Scale Up: Add 50% more pods every 60 seconds if CPU > 70%
Scale Down: Remove 25% of pods every 60 seconds if CPU < 70%
Stabilization: Wait 5 minutes before scaling down (prevent flapping)

Example Scenario:

Current: 3 pods @ 80% CPU
HPA calculates: 3 * (80% / 70%) = 3.43 → 4 pods
After 60 seconds: 4 pods deployed
CPU drops to 60%
HPA waits 5 minutes (stabilization)
CPU still at 60%
HPA scales down: 4 * 0.75 = 3 pods

6. Cluster Autoscaler

Configuration:

apiVersion: v1
kind: ConfigMap
metadata:
  name: cluster-autoscaler
  namespace: kube-system
data:
  config.yaml: |
    scaleDownEnabled: true
    scaleDownDelayAfterAdd: 10m
    scaleDownUnneededTime: 10m
    scaleDownUtilizationThreshold: 0.5
    maxNodeProvisionTime: 15m
    maxGracefulTerminationSec: 600

Scaling Triggers:

Scale Up: Pods in Pending state due to insufficient resources
Scale Down: Node utilization < 50% for 10 minutes

Example Scenario:

Current: 3 nodes (6 vCPU total)
HPA scales up: 10 pods × 500m CPU = 5 vCPU needed
Available: 6 vCPU (after overhead ~5.5 vCPU)
Pods fit: All 10 pods scheduled
Later: Traffic drops, HPA scales down to 3 pods
Node utilization: ~30% (below 50% threshold)
After 10 minutes: Cluster Autoscaler removes 1 node
New state: 2 nodes (4 vCPU total)

7. CoreDNS (Service Discovery)

Purpose: DNS-based service discovery for Kubernetes

Deployment:

apiVersion: apps/v1
kind: Deployment
metadata:
  name: coredns
  namespace: kube-system
spec:
  replicas: 2
  selector:
    matchLabels:
      k8s-app: kube-dns
  template:
    spec:
      containers:
      - name: coredns
        image: registry.k8s.io/coredns/coredns:v1.10.1
        args:
          - -conf
          - /etc/coredns/Corefile
        ports:
        - containerPort: 53
          name: dns
          protocol: UDP
        - containerPort: 53
          name: dns-tcp
          protocol: TCP
        resources:
          requests:
            cpu: 100m
            memory: 128Mi

Corefile Configuration:

.:53 {
    errors
    health {
        lameduck 5s
    }
    ready
    kubernetes cluster.local in-addr.arpa ip6.arpa {
        pods insecure
        fallthrough in-addr.arpa ip6.arpa
        ttl 30
    }
    prometheus :9153
    forward . /etc/resolv.conf
    cache 30
    loop
    reload
    loadbalance
}

DNS Resolution Example:

# Inside License API pod
import aiohttp

# Resolve service name via CoreDNS
async with aiohttp.ClientSession() as session:
    # license-api.default.svc.cluster.local → ClusterIP
    async with session.get("http://license-api:8000/health") as response:
        return await response.json()

DNS Records:

# Service DNS
license-api.default.svc.cluster.local → 10.2.0.50 (ClusterIP)

# Pod DNS
10-1-0-123.default.pod.cluster.local → 10.1.0.123 (Pod IP)

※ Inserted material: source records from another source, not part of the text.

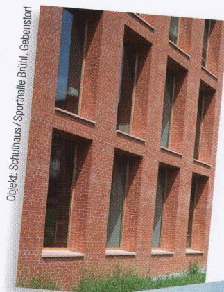
Objekt: Schulhaus / Sporthalle Brühl, Gebenstorf
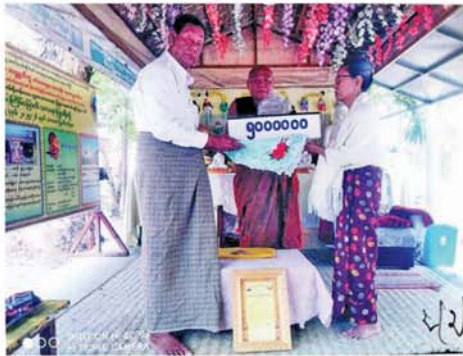
မန္တလေး ဧပြီ ၂၀ မန္တလေး၊ တောင်စလင်း အဘိဓဇအဂ္ဂမဟာသဒ္ဓမ္မဓေတီက တိုက်သစ်ဘာဝနာဌာန ပဓာန ဦးဆောင်သည့် နယ်စပ်တောင်တန်း
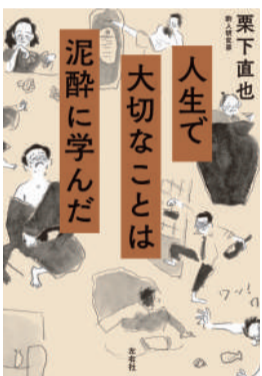
著: 栗下直也 / 左右社 1,980円(税込)

コロナ禍が落ち着きはじ、盛岡の繁華街にも賑わいが戻つつある、今日この頃。数年越しの忘年会も今年はあちらこちらで行われることでしょうか。
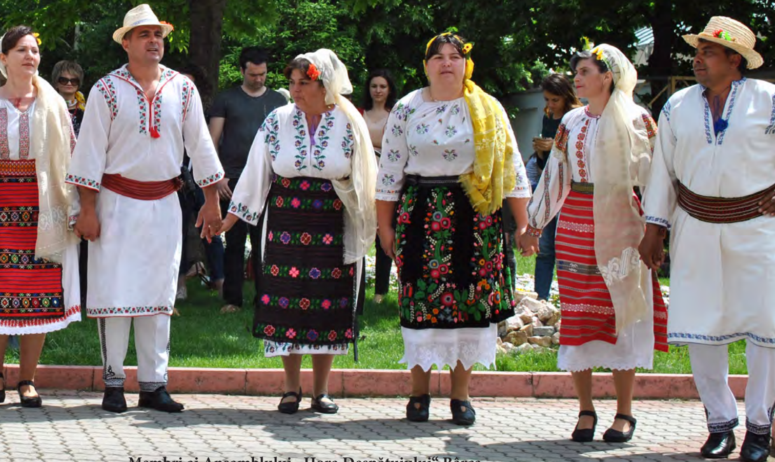
Membri ai Ansamblului „Hora Desnațuiului“ Bârca
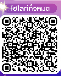
ไฮไลท์ทั้งหมด
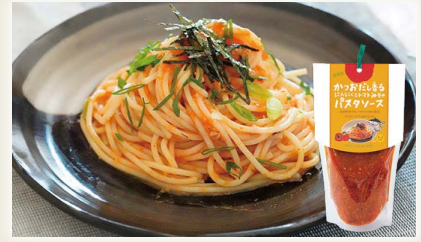
かつおだし香るにんにくと トマトみそのパスタソース [NPO法人日高わのわ会]
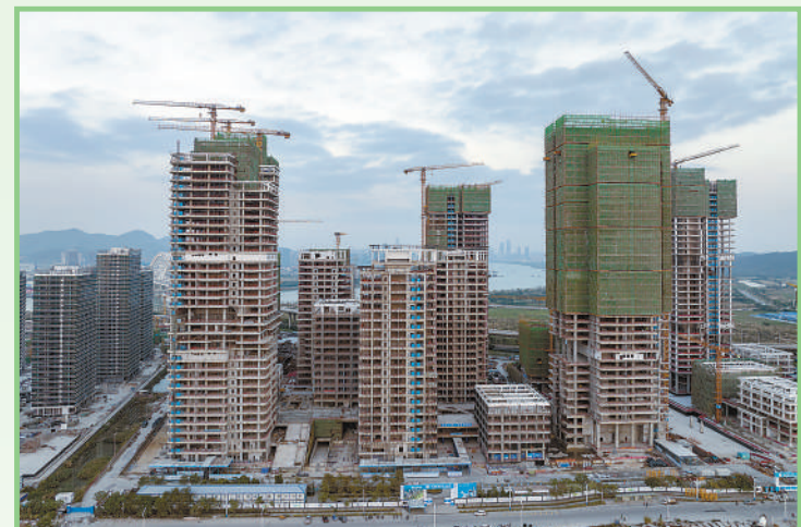
▲在横琴粤澳深度合作区西北部,横琴科学城(二期)项目正加紧建设。横琴科学城是横琴推动粤港澳深度合作的重要平台,将为科研产业人流、物流及信息流高速运转提供通道。
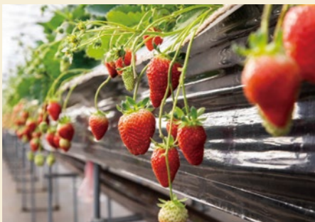
おいしいいちごはへたまで真っ赤になり、さらに反っているそう
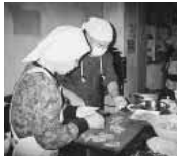
昨年の調理実習の様子
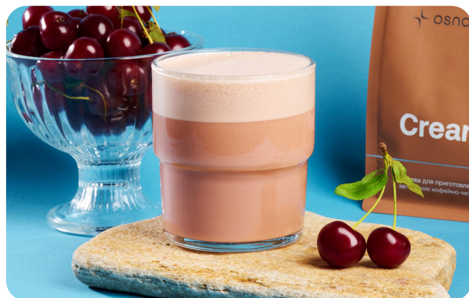
Панакота с вишней

Нежное сочетание красной малины сорта «патриция» и жёлтой «амбер» с кокосовой мякотью и цитрусовыми нотами на послевкусии. Ягоды придают свежесть, кокос — мягкость; создаётся воздушный, сладко-ягодный букет, идеально гармонирующий с кофейной основой.
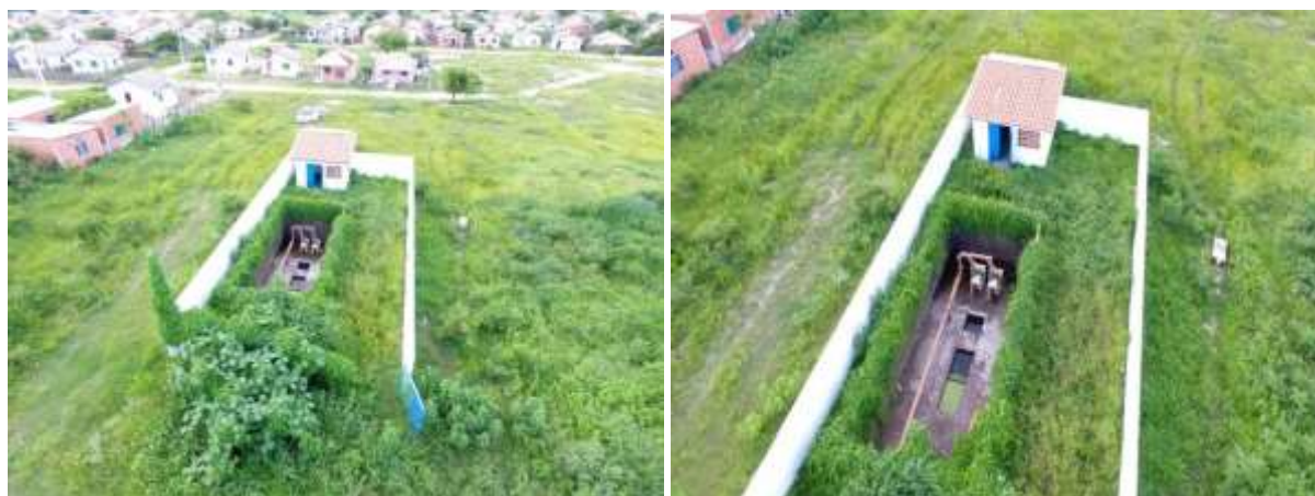
Figura 13: Vista geral da EEEB 008, Porto Murtinho, MS.

A EEEB 008 localiza-se na Rua 15 de Novembro esquina com a Rua Projetada 01, coordenadas geográficas UTM (21 K) 408.021 E / 7.598.741 S, com a função de bombear o esgoto bruto coletado no Bairro Dom Pepe para desarenador na ETE Porto Murtinho. Encontra-se completamente cercada por muros e grades com portão, que permanece aberto (Figura 13). Encontra-se inoperante. Não possui informação sobre extravasor.
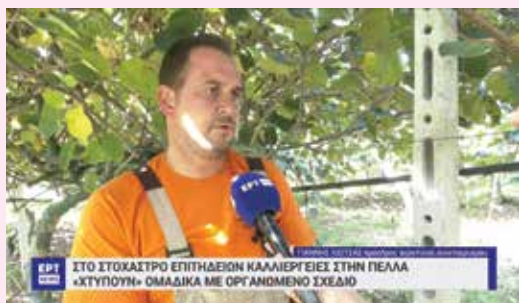
ΕΡΤ ΣΤΟ ΣΤΟΧΑΣΤΡΟ ΕΠΙΤΗΔΕΙΩΝ ΚΑΛΛΙΕΡΓΕΙΩΝ ΣΤΗΝ ΠΙΕΛΛΑ «ΧΤΥΠΟΥΝ» ΟΜΑΔΙΚΑ ΜΕ ΟΡΓΑΝΩΜΕΝΟ ΣΧΕΔΙΟ

Ένα απαράδεκτο και επαίσχυντο φαινόμενο παρατηρήθηκε τη φετινή σαιζόν συγκομιδής των ακτινιδίων σε διάφορες περιοχές της επικράτειας κι ελπίζω να μην «απλωθεί» στο μέλλον. Η κλοπή ακτινιδίων λόγω της υψηλής τιμολογιακής τιμής τους είναι ένα νέο φαινόμενο που σίγουρα απασχολεί τους παραγωγούς μας που λαμβάνουν μέτρα φύλαξης με τοποθέτηση καμερών ασφαλείας που είναι συνδεδεμένες μαζί τους και ειδοποιούν σε περίπτωση απόπειρας κλοπής.
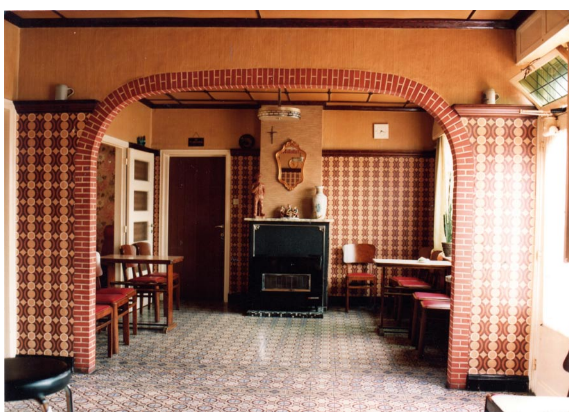
Het interieur
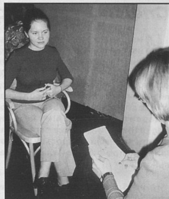
«Арт-галерея» ф-та изобразительных искусств

ной мечты – поступление на экономический факультет университета...” Абитуриент.
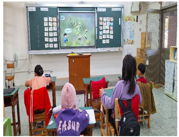
四年級餐前五分鐘鐘飲食教育
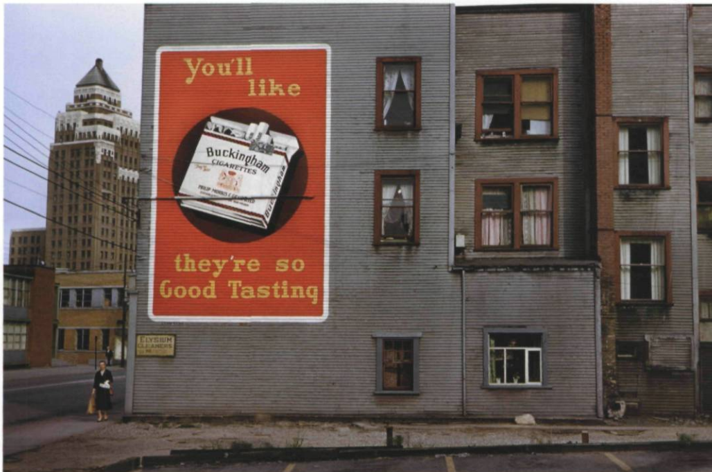
Elysium Cleaners, 1958
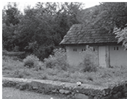
Stari temelj na kojem će se podići nova zgrada
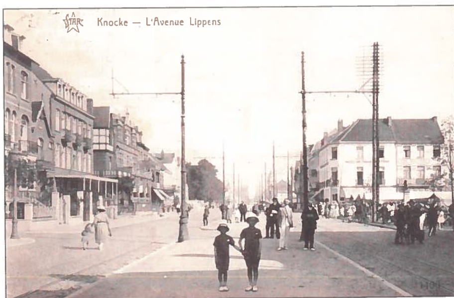
De Lippenslaan ter hoogte van de markt omstreeks 1932-33.

De dag erop reed ik naar Heist en pas aan de voordeur riep ik al: Vader, ge krijgt de complimenten van een madam uit Knokke. Herinnert ge u nog, die altijd kocht toen we stonden aan het standbeeld. Die dame die zo vriendelijk was en schoon gekleed, maar 'k weet haar naam niet. Vader keek op en zei: Dat is nogal grappig, de groeten van iemand die we beiden niet kennen. En de mensen die, dertig jaar geleden bij ons kochten, ze zijn in Knokke nog met honderden.
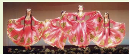
シルクロード・ローラン歌舞団

問合せ 大阪市コミュニティ協会(生野区支部協議会) ☎06-6716-3020 FAX06-6716-1797
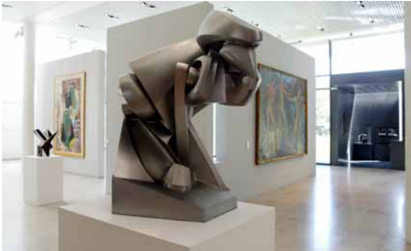
La salle des collections d'art moderne du musée des beaux-arts à Nancy en 2006.
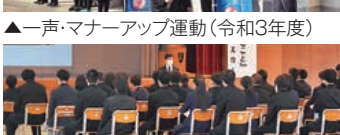
▲親子で受講する開校記念講演会1(令和4年度)

住田町PTA連合会に所属し、町内の異校種団体との情報交換を行いつつ連携をも図っています。 ここ3年間はコロナ禍により、PTA活動も思うように展開することができず、歯痒い思いが続いております。しかしながら、全校生徒数に比例してPTA会員の少ない小規模校とはいえ、今後も「無理せず、できる範囲で協力しましょう」を合言葉に、PTA活動に取り組んで参ります。
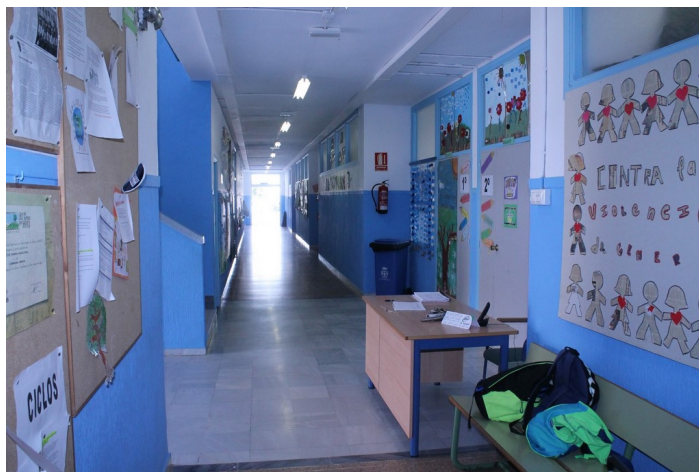
Pasillo del edificio de primaria
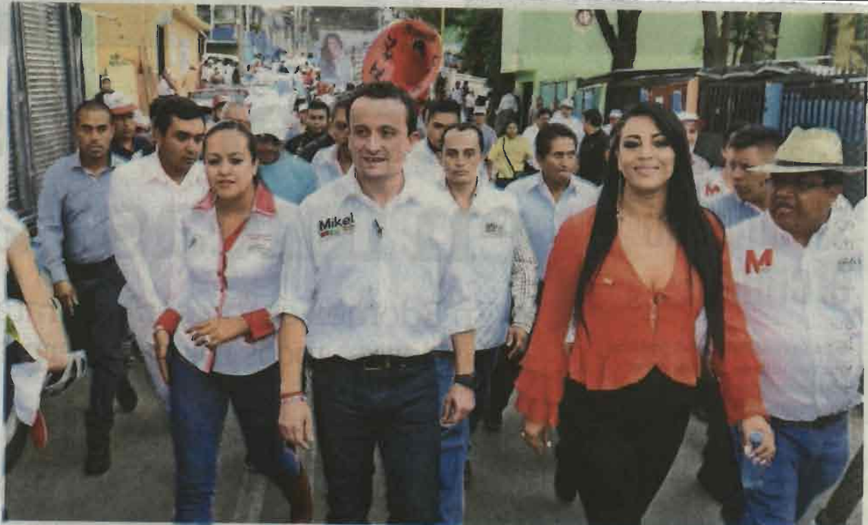
El abanderado tricolor recibió el apoyo de habitantes, pero también hubo caras largas, en varias ocasiones lo dejaron con la mano estirada y le advirtieron "que el PRD sí les cumplía" en La Joya.
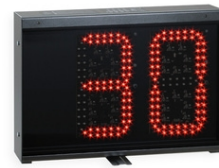
Art.259-01 FS-30s tableau d'affichage supplémentaire pour KIT-FS-30s Dimensions: 41x29x8,5cm. - Poids: 5,1kg.
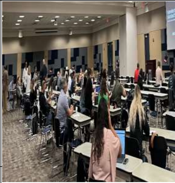
中場休息時間，在場與會人員包含聯邦、州、地方執法官員、學者專家、民間團體及外國政府代表等人員。
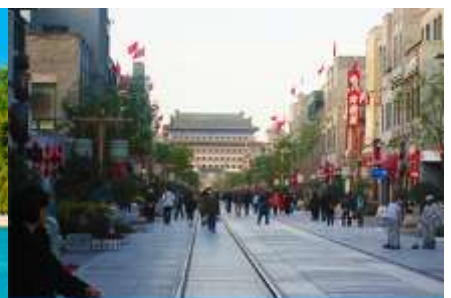
ถนนเวียนเหมิน
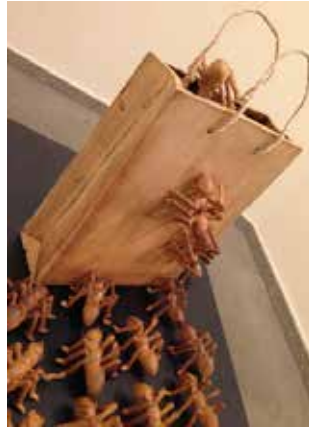
Görsel 25. “Karıncalar” Düzenleme Detay, 50x140x75 cm, 2017

Görsel 26-27-28-29’da görülen Firdevs Müjde Gökbel’ e ait çalışmalar, böcek imgesine yer verilen diğer örneklerdendir. Bilinçaltında özellikle korku, ürkme, kaygı, tiksinti gibi duyguları uyandıran böcekler ele alınmıştır. Bu türden hislerin izleyici açısından bakıldığında daha uyarıcı olduğu düşünülmektedir. Bu düşünceden hareketle böceklerden öncelikle sinek türü seçilmiş, insana özgü duygu hallerinin yanı sıra yaşamında başına gelebilecek durum ve olaylar sinek figürü üzerinden çalışmalarda yansıtılmaktadır. Bu figürler çoğunlukla mizahi bir yaklaşım sergilemektedir.
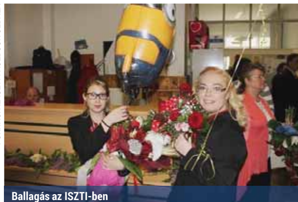
Ballagás az ISZTI-ben

# Headless service (StatefulSet)
prometheus-0.prometheus.default.svc.cluster.local → 10.1.0.200

8. Workload Identity (GCP Integration)

Purpose: Secure GCP API access without long-lived service account keys

Configuration:

# Kubernetes Service Account
apiVersion: v1
kind: ServiceAccount
metadata:
  name: license-api-sa
  namespace: default
  annotations:
    iam.gke.io/gcp-service-account: license-api@coditect-citus-prod.iam.gserviceaccount.com

---
# IAM Policy Binding (gcloud command)
gcloud iam service-accounts add-iam-policy-binding \
  license-api@coditect-citus-prod.iam.gserviceaccount.com \
  --role roles/iam.workloadIdentityUser \
  --member "serviceAccount:coditect-citus-prod.svc.id.goog[default/license-api-sa]"

GCP Permissions:

# Google Service Account: license-api@coditect-citus-prod.iam
Roles:
  - roles/secretmanager.secretAccessor  # Read secrets
  - roles/cloudkms.signerVerifier       # Sign licenses
  - roles/cloudsql.client               # Connect to Cloud SQL
  - roles/monitoring.metricWriter       # Write metrics
  - roles/logging.logWriter             # Write logs

Usage in Pod:

# Automatic authentication via Workload Identity
from google.cloud import secretmanager

# No explicit credentials needed - Workload Identity handles it
client = secretmanager.SecretManagerServiceAsyncClient()
secret_name = f"projects/{PROJECT_ID}/secrets/db-password/versions/latest"
response = await client.access_secret_version(request={"name": secret_name})
password = response.payload.data.decode("UTF-8")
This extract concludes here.